Впрочем, успехи китайской экономики перемежаются неудачами. Пока Китай богател, масштабы социального неравенства превзошли даже США и Россию. Сейчас в Китае миллионеров больше, чем в Штатах. Миллионеры не просто обогащались. Во время экономического бума они набивали кошельки за счет беднейших слоев. С 2001 по 2003 г. когда экономика быстро развивалась, среднедушевой доход беднейшей децили (то есть 1-%-ной доли населения) падал, а доход наиболее состоятельной децили возрастал по 16 % в год.[6]

КПК не терзается угрызениями совести, арестовывая оппонентов, которые открыто бросают вызов системе. Партия мешает им зарабатывать на жизнь себе и своим семьям, хотя и сторонится конфликтов с более масштабным насилием. В принципе революционные партии без колебаний готовы проливать кровь, чтобы захватить власть. Правящие партии, под которые КПК сейчас себя стилизует, научились жить по иному набору правил. «Дело не просто в том, что Ху — это не Дэн Сяопин, — сказал бывший редактор «Цзефан жибао» («Освобождение»), официальной газеты шанхайских коммунистов. — Показатель — то, как люди выражают свои взгляды внутри и вне партии. Принцип единоличного правления более неприменим».
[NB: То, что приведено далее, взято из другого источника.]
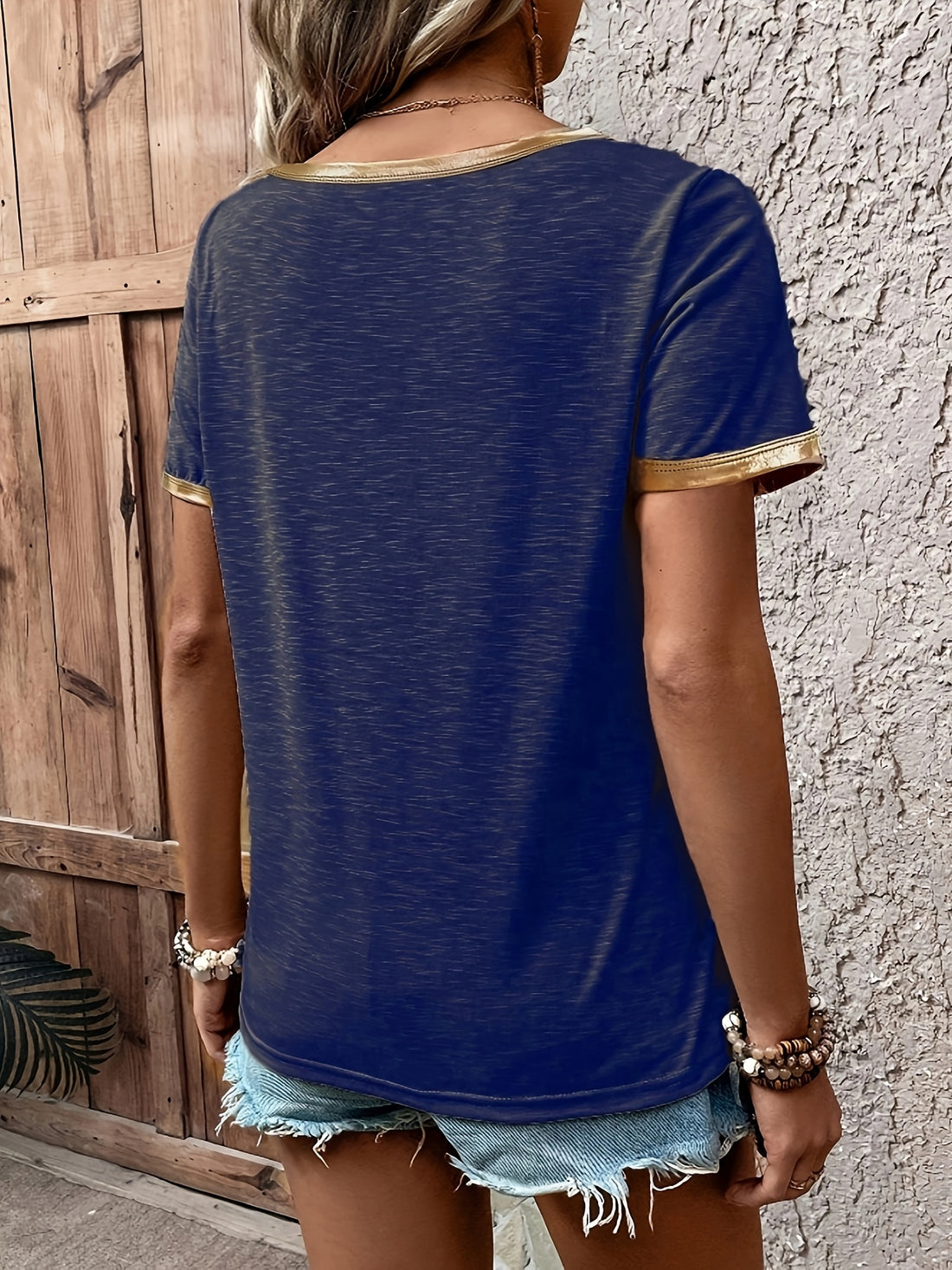 Sale Color Block Crew Neck T-shirt, Casual Long Sleeve Top
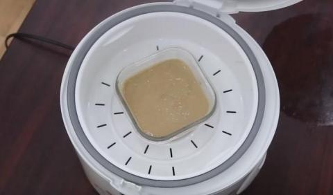Cho ruột bánh mì đã ngâm mềm với sữa vào đảo đều. Khi gan và thịt chín bạn nêm nếm thêm bột gia vị cho vừa miệng. Cho hỗn hợp trên vào nồi cơm điện bật nút nấu bình thường. Khi nồi cơm điện nhảy nút bạn để như vậy thêm 5 phút và lấy ra xay nhuyễn là được.
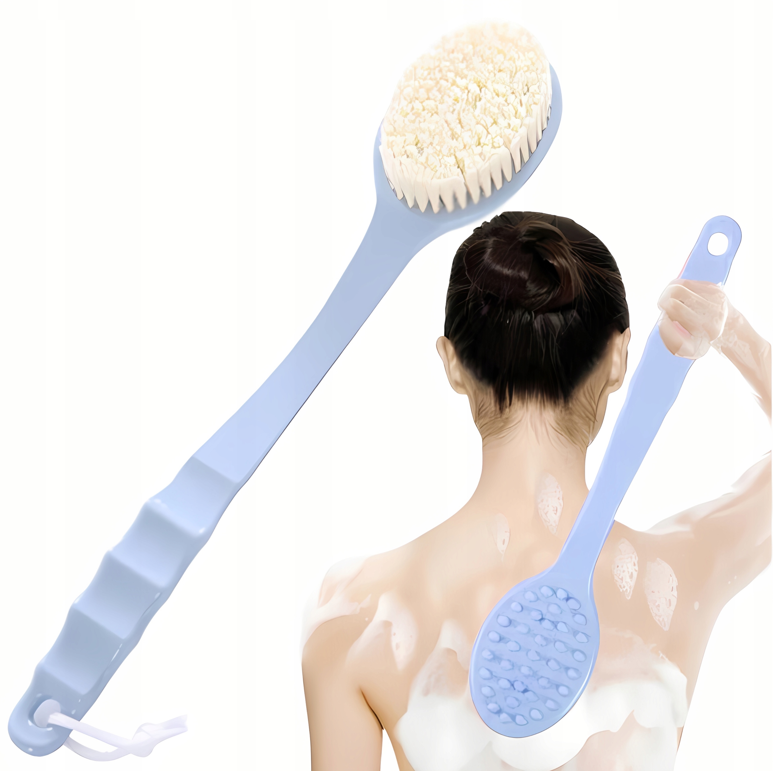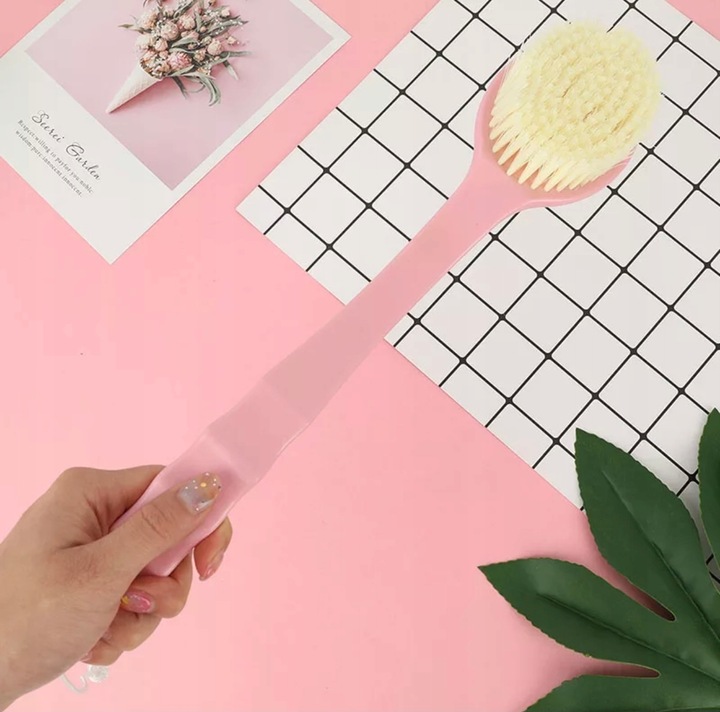 Позаботьтесь о своем ежедневном уходе и комфорте во время купания! длинная задняя щетка - незаменимый гаджет в каждой ванной комнате. благодаря этому вы можете легко мыть твердые места на спине и всего тела. Гибкий, нежные щетинки тщательно очищает кожу, стимулирует циркуляцию и очистку, не раздражая кожу. другая сторона с вкладками позволяет приятный расслабляющий массаж, который может помочь уменьшить мышечный тонус.
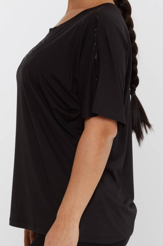 Bluzka z kokardą i haftem w kolorze czarnym - 79892 | KAZEE (zestaw 4 sztuk L-XL-2XL-3XL)
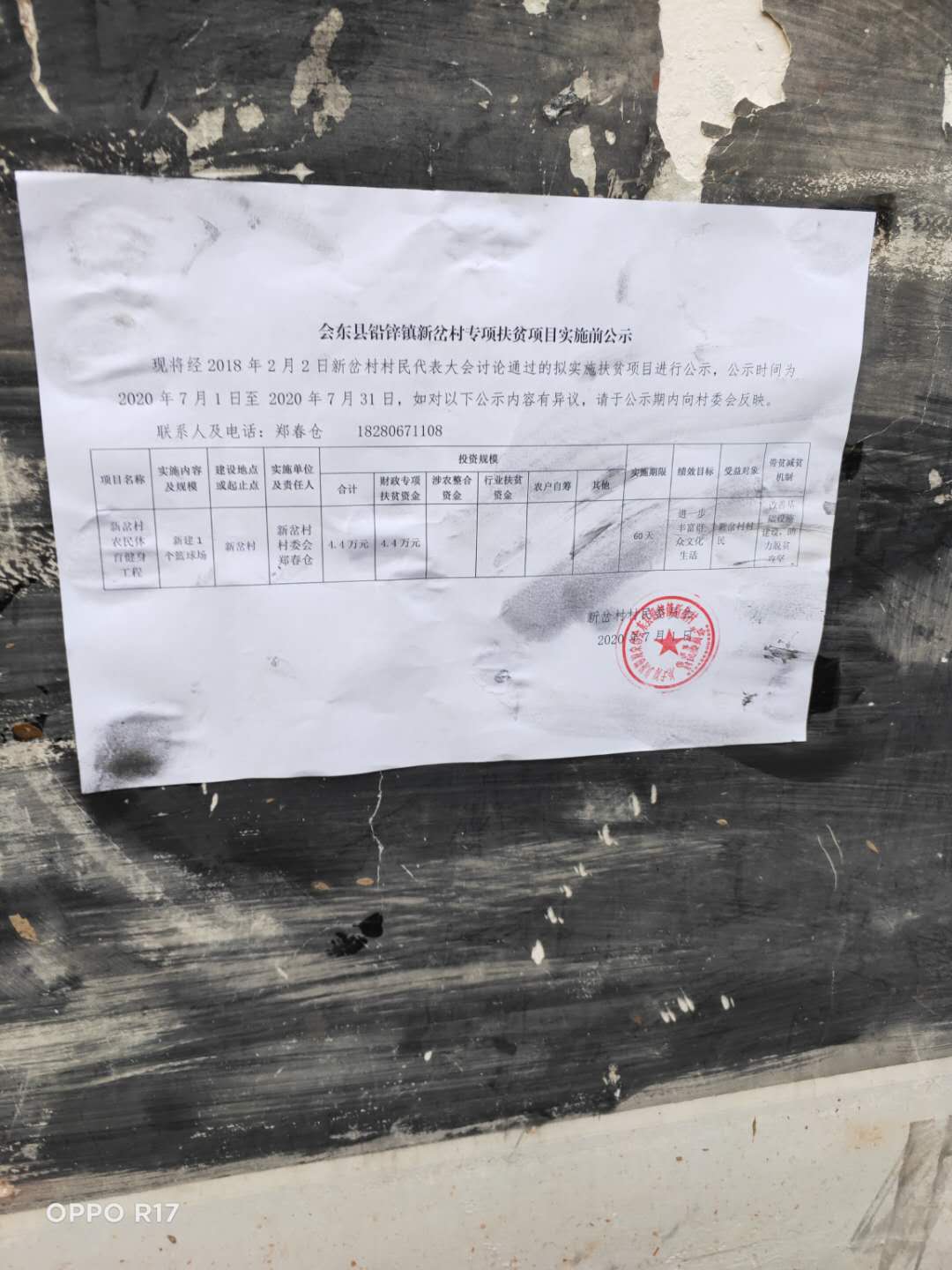 会东县铅锌镇新岔村专项扶贫项目实施前公示
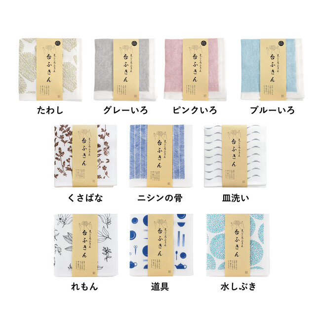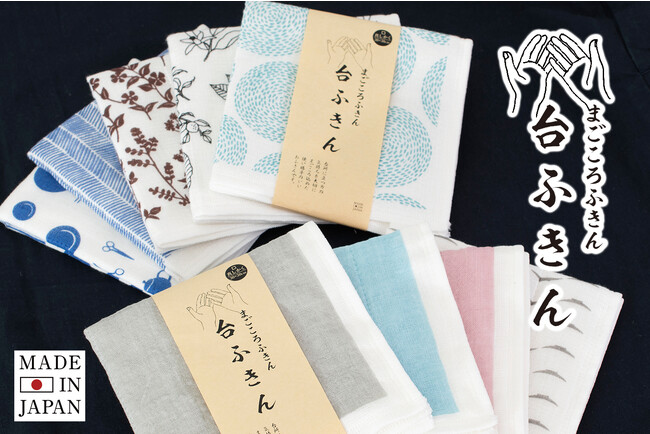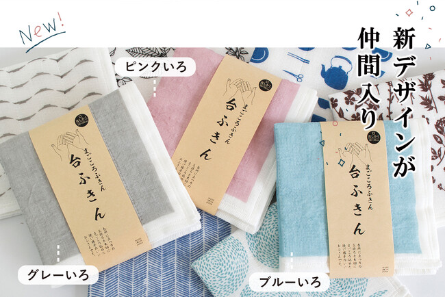 キッチン道具をあしらった落ち着いたデザインが人気の「まごころふきん 台ふきん 真しかく」から待望の新デザインが登場!
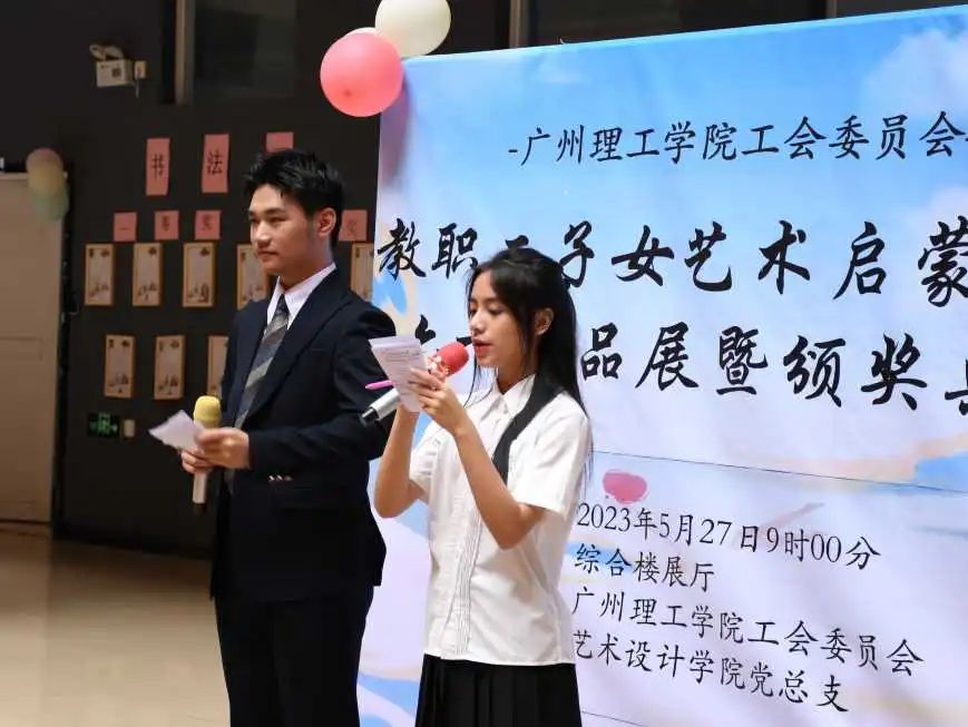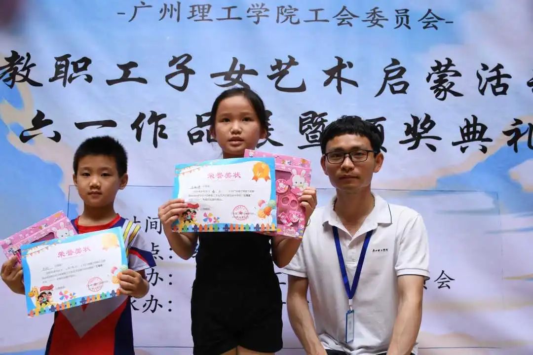 5月27日上午,由校工会主办、威廉希尔中文网站党总支承办的教职工子女艺术启蒙活动在7栋综合楼一楼举行庆“六一”作品展暨颁奖典礼。威廉希尔中文网站院长尚华、办公室主任唐海春、团总支书记叶保军,以及20余名教职工子女在家长陪同下参加了此次活动,典礼由威廉希尔中文网站学生邓俊和林声蕾主持。
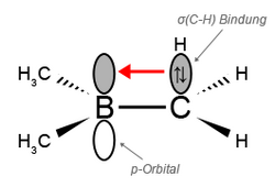 Als Beispiel kann die Verbindung B(CH3)3 dienen: Die Elektronen werden hier aus der σ(C-H) Bindung in das leere p-Orbital am Bor verschoben (siehe Schaubild rechts).

А если взять КПК как политмашину, то она уже доказала, что перед лицом многочисленных испытаний способна вести себя как изворотливый, легко приспосабливающийся зверь. Вместе с социальными изменениями последнего десятилетия менялся и состав партии. Вожди систематически выкорчевывали пролетарские корни в обмен на альянс с более богатыми и успешными классами, рождающимися из рыночной экономики. Партия, где некогда доминировали рабочие, а затем крестьяне — к 1978 г. последние составляли едва ли не половину всей численности, — ныне подыскивает себе талантливых студентов и состоятельных предпринимателей. Именно они представляют собой быстро растущие источники новых членов КПК; так, например, за период 2002–2007 гг. численность коммунистов по этим категориям выросла на 255 и 113 % соответственно. Многие из них охотно вступали в партийные ряды, коль скоро в обмен получали доступ к связям, решающим для продвижения по карьерной лестнице.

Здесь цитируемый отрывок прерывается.